Fellrath: You can rethink how you do it with shipping or what are the (environmental) implications, which is always an important question, but doing biennales per se, is absolutely crucial. The thing is that this is often judged from a position of privilege, you know, when you are able to jet set around the world and catch like 10 biennales a year. However, organizing a biennale is also for a local and regional population that benefits from it and has as much right to see such events.
There is a section in Lyon Biennale that looks at the 1960s era of Beirut’s Golden Age. Why did you decide to include this? How do the artworks and archival documents featured in this segment contextualize Lyon’s historical entanglements with Beirut?
Bardaouil: It’s part of three sections and we structured the finale to start off with an exploration of Rigidity and Resistance through the fictionalized historic character, Louise Brunet, a local Lyon silk weaver from the 19th century who was sent to prison because she fought against the rich merchants who were monopolizing the silk economy, along with other silk weavers. We built imagined characters of many other Louise Brunets, who could have existed in different times in different places, as different sexes, races, and beings who have experienced fragility and resistance in in different ways.

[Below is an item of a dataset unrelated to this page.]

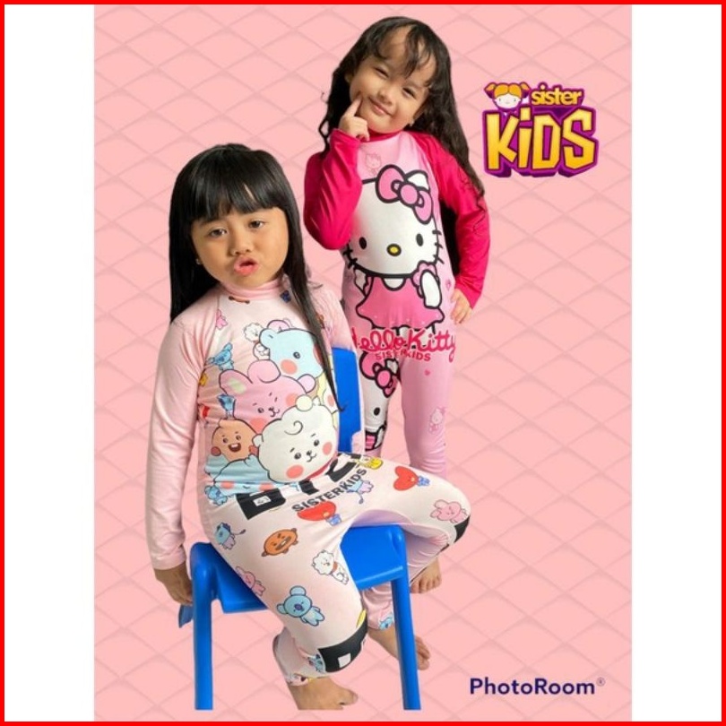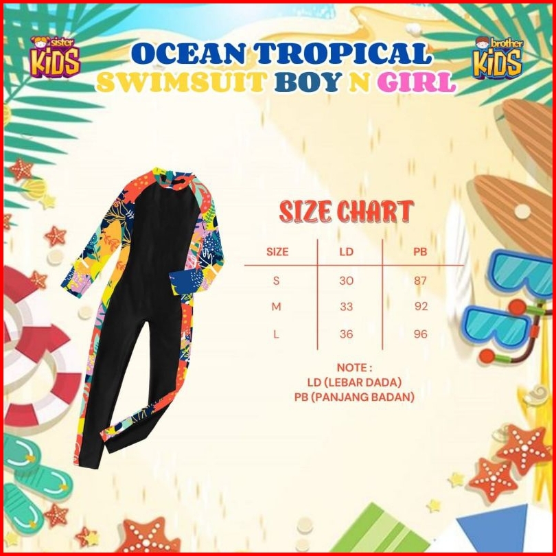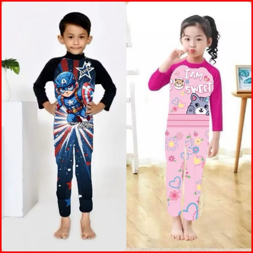 Ibos Kids - Baju Renang Anak Laki-laki Perempuan Muslimah 3-12 Tahun Lengan Dan Celana Panjang Motif

The real Louise Brunet ended up in Beirut where she was sent to work in the silk factories there owned by the rich Lyon merchants of silk, highlighting how the connections between Lyon and Beirut become a focal point because of the silk industry. The entanglements between the two cities led to the foundation of the French Mandate, which sets the background to that period of Beirut’s Golden Age in the ’60s, exploring the post-mandate period from independence to the civil war erupting in 1975. It’s a story of fragility and resistance through the experience of a city, becoming a focused exploration in Lyon Biennale through numerous artworks and archival documents.
This past year has been a busy one for both of you. In addition to Lyon Biennale, you curated the French Pavilion at the Venice Biennale, along with Yasmina Reggad, showcasing work by Zineb Sedira, the first artist of Algerian descent to represent the country. You were also appointed directors of the Hamburger Bahnhof, a major art museum in Berlin. As co-curators at the helm of international institutions and platforms in Europe, what kind of impact do you hope to have on art and the art world?
Bardaouil: The more we work on making exhibitions, the more we work with institutions, the less and less we are in doing things for other curators and arts people. I think if we don’t really connect with our communities and we don’t become truly, truly accessible places in terms of the language that we use, what goes up on the wall, the choice of artists, and the people that we hire, we’re going to continue to become more and more irrelevant. The only way that we can maintain our raison d’etre is if we truly take our public and our communities to heart and place them as the main focus of everything that we do.
Our artists are a part of that community, curators and other institutions are also a part of that community, but they are not the entire community. The community is much more diverse than that, and I think this is what we see ourselves building on and what we’ve always tried to do. We want to continue to create paces and exhibitions and opportunities for a truly engaging encounter with everyone in the community, not just with the people who speak the language. That’s something that’s very important.